The New York Times: Seeking Clues To Heart Disease In DNA Of An Unlucky Family
Researchers have long known that a family history of early death from heart disease doubles a person's risk independently of any other factors. Family history is defined as having a father or a brother who were given a diagnosis of heart disease before age 55 or a mother or sister before age 65. Scientists are studying the genetic makeup of each member of the Del Sontro family, searching for telltale mutations or aberrations in the long sequence of three billion chemicals that make up human DNA. Until very recently, such a project almost certainly would have been futile. Picking through DNA for tiny aberrations was so costly and time-consuming that it was impractical to take on for an entire family (Gina Kolata, 5/12).

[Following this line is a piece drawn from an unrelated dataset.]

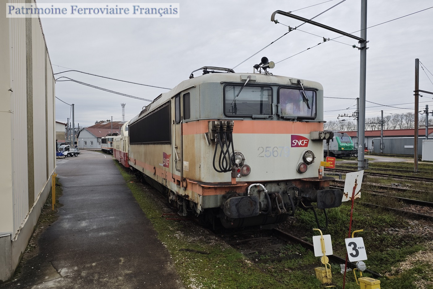 Conservée pour pièces par l’ASBB25500 au dépôt de Dijon-Perrigny (Côte-d’Or) depuis le 08 janvier 2025.

The New Yorker: Can We Patent Life?
On April 12, 1955, Jonas Salk, who had recently invented the polio vaccine, appeared on the television news show "See It Now" to discuss its impact on American society. Before the vaccine became available, dread of polio was almost as widespread as the disease itself. Hundreds of thousands fell ill, most of them children, many of whom died or were permanently disabled. The vaccine changed all that, and Edward R. Murrow, the show's host, asked Salk what seemed to be a reasonable question about such a valuable commodity: "Who owns the patent on this vaccine?" Salk was taken aback. "Well, the people," he said. "There is no patent. Could you patent the sun?" ... It took thousands of scientists and technicians more than a decade to complete the Human Genome Project, and cost well over a billion dollars. The same work can now be carried out in a day or two, in a single laboratory, for a thousand dollars—and the costs continue to plummet. As they do, we edge closer to one of modern science's central goals: an era of personalized medicine, in which an individual’s treatment for scores of illnesses could be tailored to his specific genetic composition. That, of course, assumes that we own our own genes (Michael Specter, 4/2).
The National Journal: How Much Big Insurance Paid A Small-Business Group To Fight A Premium Tax
The nation's leading health insurance industry group gave $850,000 to a top small-business trade association as part of a campaign to repeal a key provision of President Obama’s health care law, National Journal Daily has learned (Frates, 5/14).